Protect her heart, life, and future

As Godly men, we are called to a different standard than the world.  We are called to be men of courage, love, humility, service, and integrity. God has wired us to protect and guard.  Not in some wicked domineering way that you sometimes see in the world, but in a selfless, loving, sacrificial way that reflects Jesus.  Proverbs 4:23 says, “Guard your heart above all else, for it is the source of life.” So as you begin to date, guard not only your own heart, but hers. 

Here are three examples of ways you can protect her heart, life, and future:

  • Never talk to a friend or acquaintance about her in a way that is not building up or encouraging. The peers who surround your relationship thrive on gossip and juicy details.  Reject all of it.  If you’re in conflict or have a misunderstanding in the relationship, talk to her about it directly.   
  • Honor her by fleeing from sexual temptation. As your affections grow for someone, temptation’s pull grows as well.  Talk with one another about how, together, you can set up safeguards and boundaries that protect yourselves from yourselves.
  • Avoid just flippantly throwing out the phrase ‘I love you.’ Words matter.  I’m not saying don’t ever use that phrase.  I hope you do.  But what I’m saying is, words carry weight.  And before you say them casually, know that you mean them consistently.

Be a man full of love, courage, and integrity, and seek to protect her heart, life, and future.  

Provide for her

One day, down the road, you’ll probably be married, and then someday, you might be blessed with kids. In that role of husband and father, you’ll need to provide financially for your family.  As you begin to make money through part-time jobs, learn to spend, give, and save the money the Lord has given you in the way He sees fit.  He’s the owner.  You’re the manager. 
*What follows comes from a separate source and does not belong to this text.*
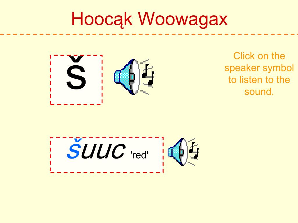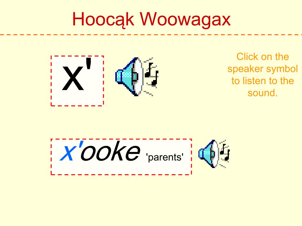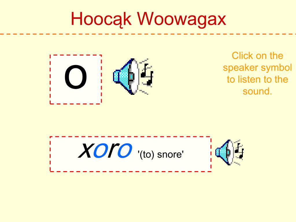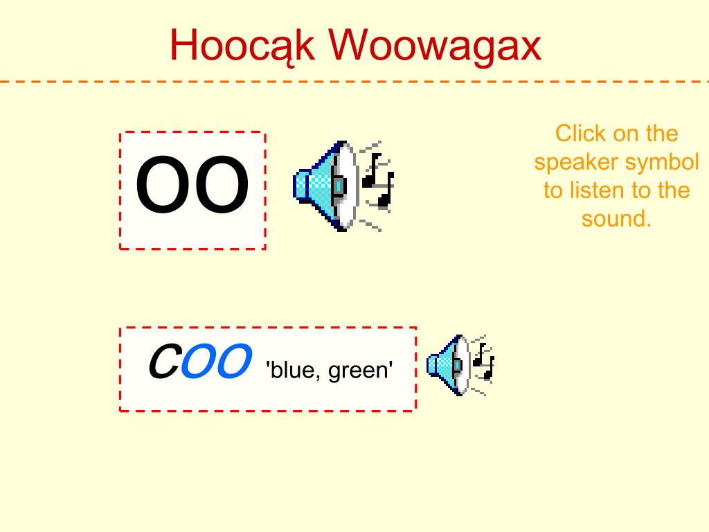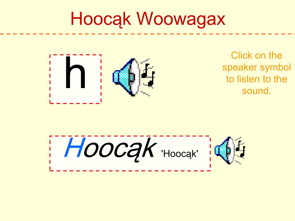 Hoocąk Woowagax Click on the speaker symbol to listen to the sound. h Hoocąk 'Hoocąk'

As you begin to date and pursue friendship with a young woman, pay for her when you go out.  Serve her in that way.  As you begin to think about what the Lord has called you to do in this life, consider the implications of providing for your family.  That is not the only factor that should determine what you do in this life, but it is also not a factor to ignore. 

God has designed us to work.  Work was a part of a God’s perfect design in Genesis, and it was a part of our world, before the fall of man.  We’ve been created by God to work, accomplish, build, design, manage, lead, and serve, ultimately not for ourselves, but as worship to the Lord.  Keep developing a work ethic that is both glorifying and worshipful to God, as well as, loving to your future wife. 

I’m grateful to call you my son, and I love you more than you’ll ever know.  I am praying with you and for you through all of these things and in the years to come.  Keep trusting in our God who is forever faithful and steadfast in His love.  He is a perfect Father, and you are His son, so talk to Him all the time and about everything.